Wednesday, April 20, 2011

Behind the Scenes of the RTEMS Tool Binaries

I recently posted a long email to the RTEMS Users mailing list about what went into the building and distribution of the pre-built RTEMS Cross Development Tools.  I thought it would be interesting to clean that post up and turn it into a blog entry for posterity. 

I don't think most people in the community realize what goes on quietly behind the scenes for the tools. When someone installs a pre-built toolset, it is the result of Ralf Corsepius' ongoing effort. 

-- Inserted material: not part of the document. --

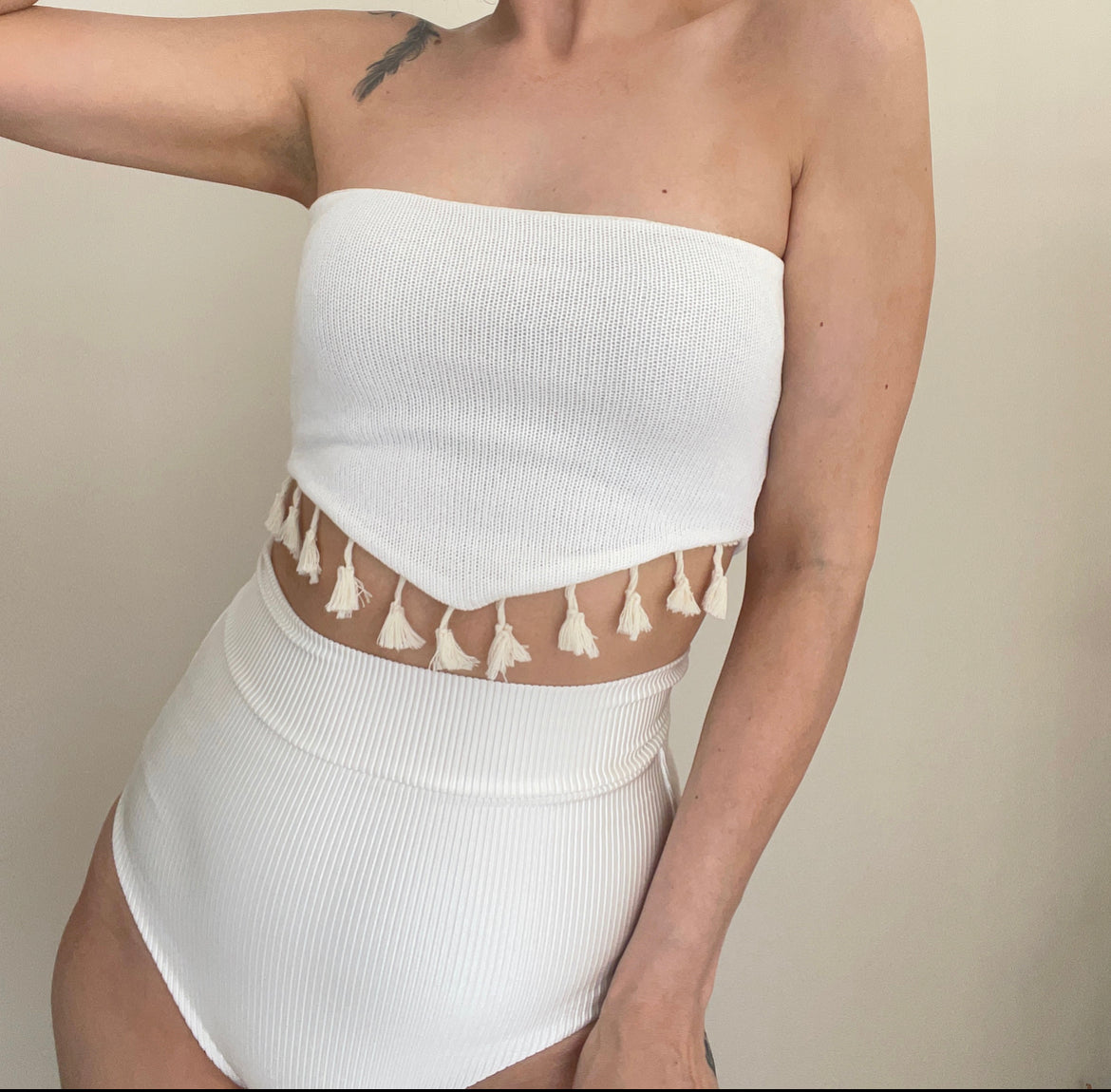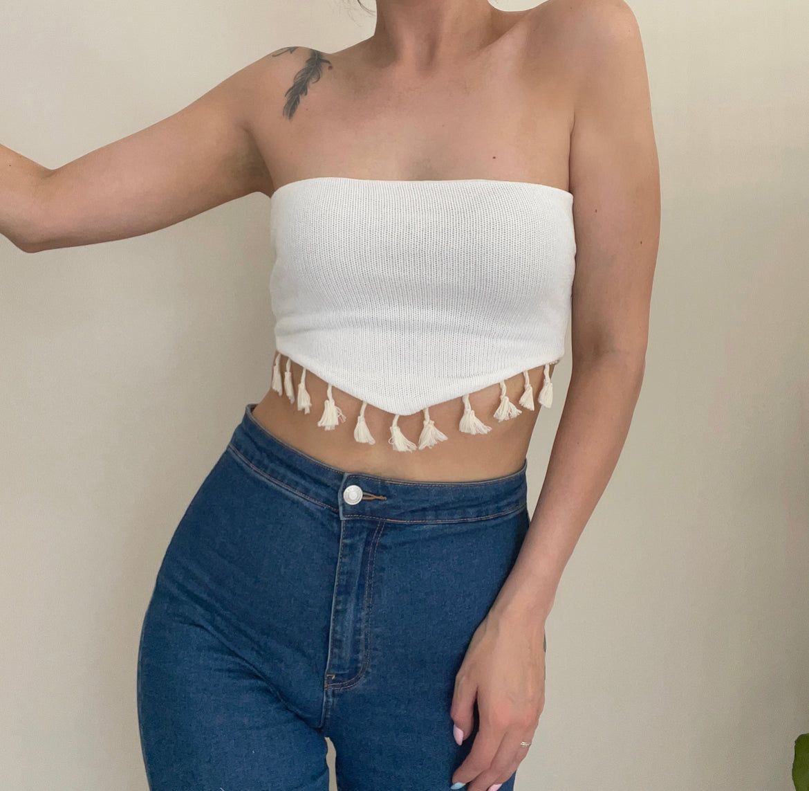Knit bandeau featuring a dipped tassel trim front & tie back.

OAR hosts the RTEMS Build Farm and Ralf uses these machines to build the tools. When there is a change in a patch or tool revision, he very quickly responds and kicks off tool builds. I have no idea how long it takes for them to finish building but the number of individual toolset combinations is staggering when you consider the multipliers:
  • number of target architectures (~10-12 depending on RTEMS version)
  • number of host OS distributions and version
    • SUSE
    • CentOS/RHEL
    • Fedora
    • mingw32 
    • Cygwin
  • 32 and 64 bit hosts
Today there are 15 unique host variations for 4.11. This results in approximately 25GB of tool content for 4.11 on In addition, there are binary toolsets on the ftp site for release branches back to 4.6.  So the main ftp site has a LOT of stuff on it.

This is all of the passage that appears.